Ohne Erfolg weist der Anmelder auf eine aus seiner Sicht gegebene Mehrdeutigkeit des Begriffs “
königsteiner
riesenfass
“. Eine solche stünde der Annahme einer beschreibenden Sachangabe nicht entgegen und führte nicht zur Eintragungsfähigkeit in beantragtem Umfang. Dass eine Marke neben der beschreibenden Bedeutung noch andere Bedeutungen aufweisen und insoweit mehrdeutig sein kann, beseitigt für sich gesehen noch nicht das Schutzhindernis des § 8 Abs. 2 Nr. 2 MarkenG (vgl. EuGH GRUR 2004, 146, 147 f. DOUBLEMINT; GRUR 2004, 674, 678 Postkantoor; GRUR 2004, 680, 681 – BIOMILD). Von einer schutzbegründenden Unbestimmtheit kann vielmehr nur ausgegangen werden, wenn eine derartige begriffliche Ungenauigkeit erreicht ist, die ausschließt, dass die fragliche Angabe in Zusammenhang mit den verfahrensgegenständlichen Waren/Dienstleistungen noch zu einer konkret beschreibenden Bezeichnung dienen kann (vgl. BGH GRUR 2000, 882, 883 – Bücher für eine bessere Welt).

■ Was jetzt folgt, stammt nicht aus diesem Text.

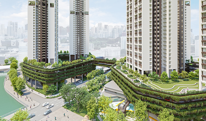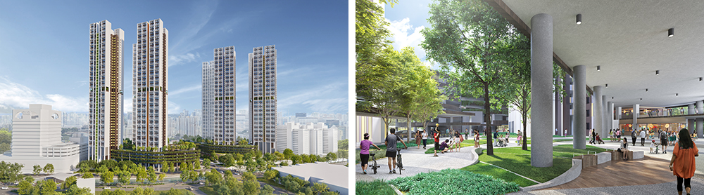 Perspective of River Peaks I and II, the first BTO projects under the new Prime Location Public Housing model

Aufgrund des konkreten – und nicht nur, wie der Anmelder meint, lediglich abstrakten – Bezugs der zurückgewiesenen Waren/Dienstleistungen zu dem Begriff “
königsteiner
riesenfass
” ist eine solche schutzbegründende Ungenauigkeit im Streitfall allerdings nicht gegeben.